# 64 Lemans rear end advice needed.



## 64Lemans1 (Jul 18, 2018)

Ok Guy's, looking for advice to replace my 8.2 10 bolt, it is a stock posi with 3:55 gears. Build is a 461, It was not dyno ed so without getting beat up Bulter said the output should be around 530HP 600ft/lbs. That being said I not going to be a bracket racer but might run it some day or want to launch it off the line in a street race or for a burn out without carnage. It is a 4 speed car so it hits pretty hard. The rear end in there needs total going through. Posi needs replacing. would like to get to around 3.00 to 3.25 for gears. Axles would need to be replaced with stronger unit. not worried about brakes as I will be doing a disc conversion at the same time. So lets hear it Ford 9, 12 bolt or Dana.


----------



## Old Man Taylor (May 9, 2011)

The easiest is a 12-bolt. I put a '66 Chevelle 12-bolt in mine in about 1975. It still had the same axles in it until one axle worked its' way off of the bearing last year. That said, I beat up the 10-bolt quite a bit. All I did was break one axle. I was running 12.90 with the 10-bolt, and then 10.80 with the 12-bolt. Obviously there was an engine change, I'm just giving the data for your info.


----------



## 64Lemans1 (Jul 18, 2018)

Old Man Taylor said:


> The easiest is a 12-bolt. I put a '66 Chevelle 12-bolt in mine in about 1975. It still had the same axles in it until one axle worked its' way off of the bearing last year. That said, I beat up the 10-bolt quite a bit. All I did was break one axle. I was running 12.90 with the 10-bolt, and then 10.80 with the 12-bolt. Obviously there was an engine change, I'm just giving the data for your info.

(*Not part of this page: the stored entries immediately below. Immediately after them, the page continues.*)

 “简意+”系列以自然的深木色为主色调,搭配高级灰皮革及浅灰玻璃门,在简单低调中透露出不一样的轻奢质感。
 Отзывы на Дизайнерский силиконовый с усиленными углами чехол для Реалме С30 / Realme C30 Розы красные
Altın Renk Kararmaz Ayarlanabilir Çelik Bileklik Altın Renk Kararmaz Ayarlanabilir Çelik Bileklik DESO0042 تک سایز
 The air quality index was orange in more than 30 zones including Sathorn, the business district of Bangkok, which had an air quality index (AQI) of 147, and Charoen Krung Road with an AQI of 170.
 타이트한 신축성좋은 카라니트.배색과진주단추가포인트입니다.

I am not against beefing up the 10 bolt but would need almost every thing new besides the housing and cover. just wondering if I choose to buy a bolt in what the guy's thought was the best option. The 10 bolt works for now but feel like if I put slicks on and launch it will break.


----------



## Old Man Taylor (May 9, 2011)

As I said, the 12-bolt is a direct bolt in with the exception of the yoke. You need a "convertible" U-joint, which is no big deal.


----------



## 64Lemans1 (Jul 18, 2018)

I assume not any 12 bolt will work? Do I look for one from a specific model? Are they beefy enough from the factory to launch with slicks or would I want to upgrade. Am also thinking of buying a better drive shaft as they do not cost that much. They could match the 31 spline to 12 bolt or 9 inch.


----------



## NOS Only (Nov 14, 2017)

The cheapest way is to do it once.

A Ford 9" is the only way to go. It's also the easiest to do a gear swap.


----------



## PontiacJim (Dec 29, 2012)

Don't invest a dime in the 10-bolt. As OMT suggested, one option is a 12-bolt from a Chevelle, but, these are hard to find and when you do they are not inexpensive and then you would want to have it gone through while it was out, so more dollars. The rear end width also increases 1" after 1967, but not really and issue, and I recall rear spring pads are different.

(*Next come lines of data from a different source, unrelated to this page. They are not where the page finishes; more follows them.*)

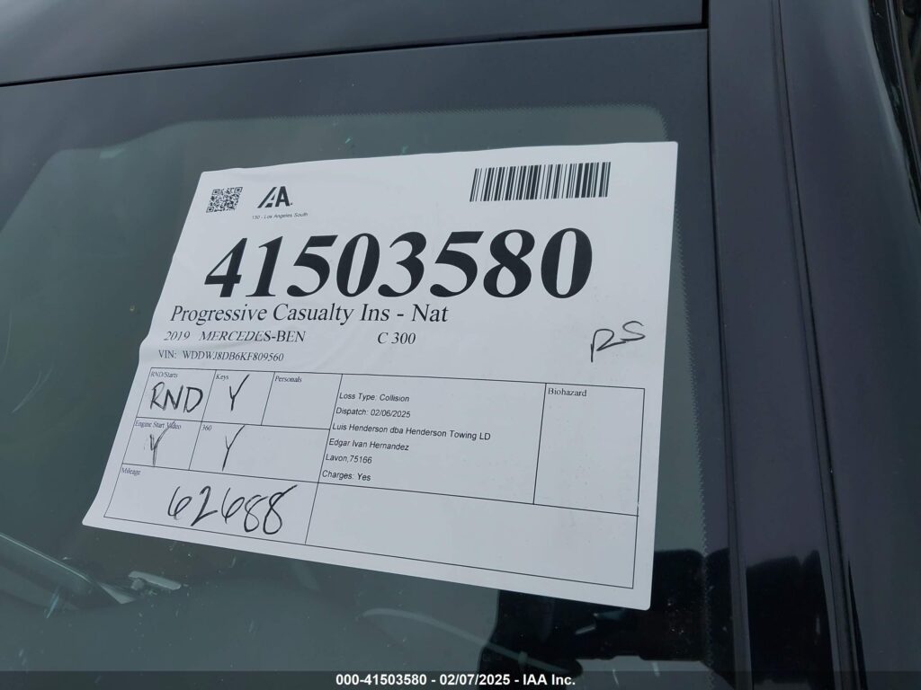 This 2019 Mercedes-Benz C-Class (Black) comes from a major insurance auction in the USA or Canada. All information on this page is linked to the vehicle’s VIN (WDDWJ8DB6KF809560), which helps confirm where the car was listed and what condition it was in at the time of sale.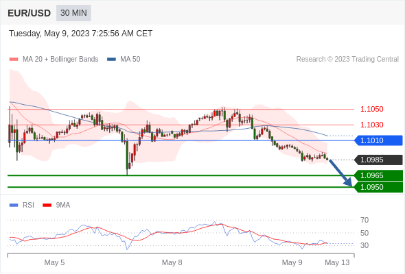 欧元/美元面临越来越大的抛售压力,并在周二跌破关键支撑位1.1000关口。 该货币对无法挑战/突破迄今为止的2023年高点1.1095(4月26日),有可能在短期内引发更深度的修正性下跌,近期目标是月低点1.0941(5月2日)和周低点1.0909(4月17日)。 从长期来看,只要位于日内在1.0440的200日均线上方,建设性的观点仍保
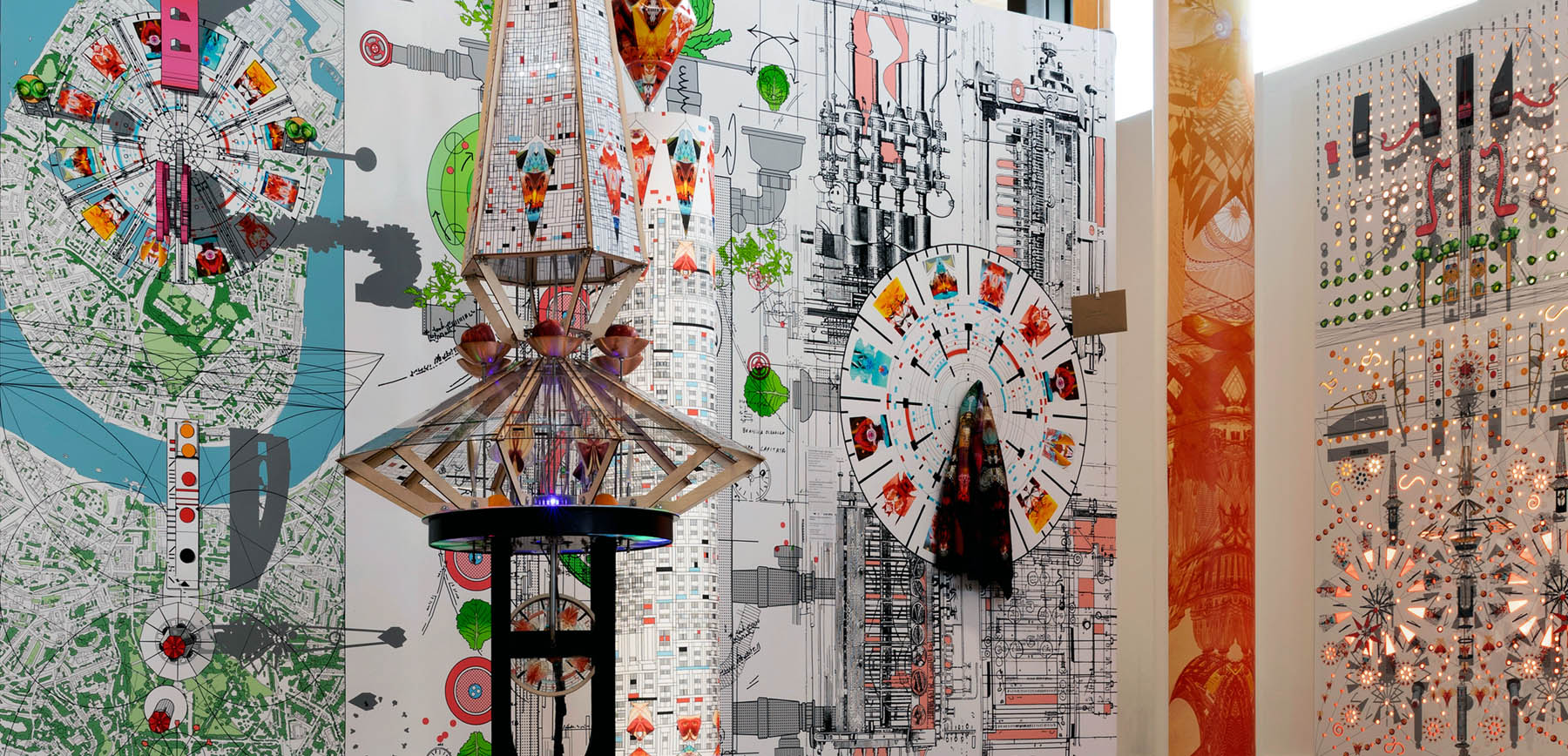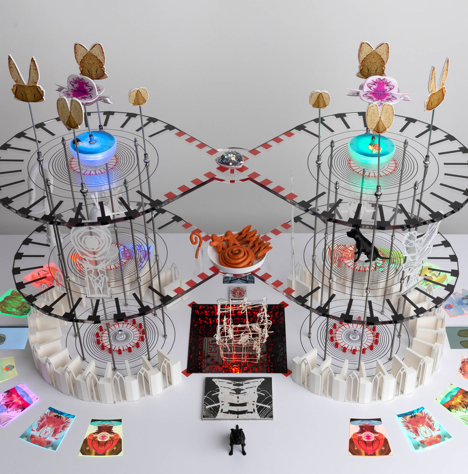 Mixed media sculpture incorporating laser-cut birch plywood, UV-printed laser-cut acrylic and vinyl, stainless steel fixings, LED lighting, ceramic, found objects, PLA, silver-plated wire, digital video (looped MP4) displayed on 4-inch LCD screens via embedded microcomputers, house dust and glitter, mounted on MDF plinth.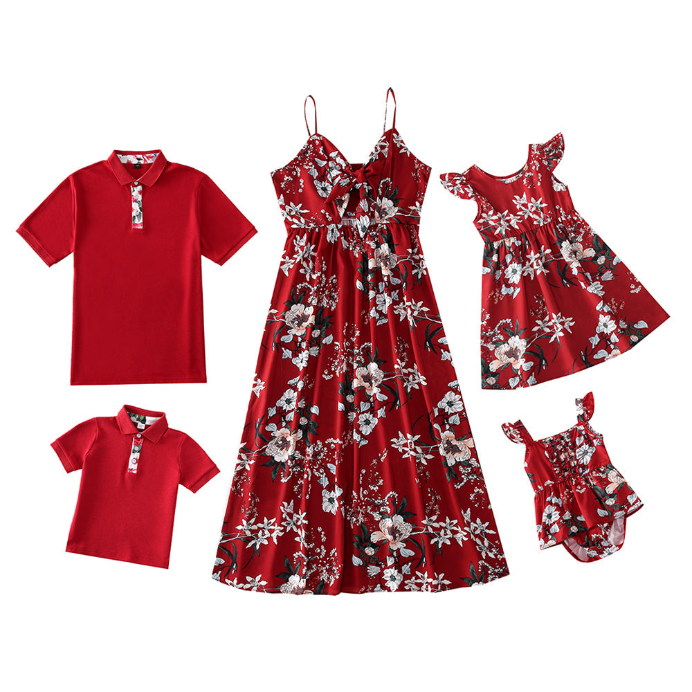Family Matching Outfit Red Floral Print Dresses and T-shirts Matching Sets

Next option would be to get a 1971-72 8.5" rear end from an A-body. These too are hard to find being only 2 years will fit your car and not all Pontiac A-bodies seemed to have these, so you need to know how to ID them and not get stuck with another 8.2"

So in all truth, you should be looking at an aftermarket 12-bolt axle assembly or a 9" Ford axle assembly. Neither option will be inexpensive. I went with a Ford 9" as you can swap gears a lot easier, ie you can have a gear set/carrier assembled that you can swap in and many sources where you can get these all assembled and ready to bolt in. This allows you to change gear ratio's if you want, such as one set for the track and one set for road trips.

Keep in mind that this is a "new build" set-up, no used or old parts. I piece-mealed my 9" together the way I want it assembled rather than just buy outright a complete and ready to bolt-in rear axle assembly. So it probably cost me more to do it this way, but you can most likely spec out a 9" or even a 12-bolt with the parts that will make it bullet proof.

Be aware that the '64 used different control arms - I believe the uppers & the bushing are smaller. I recall they are shorter than other years, so not sure what that really means if you decide to upgrade on them. Bushings won't matter as you will use the ones the rear end swap has.

Here is my cost on build/assembly for my aftermarket Ford 9".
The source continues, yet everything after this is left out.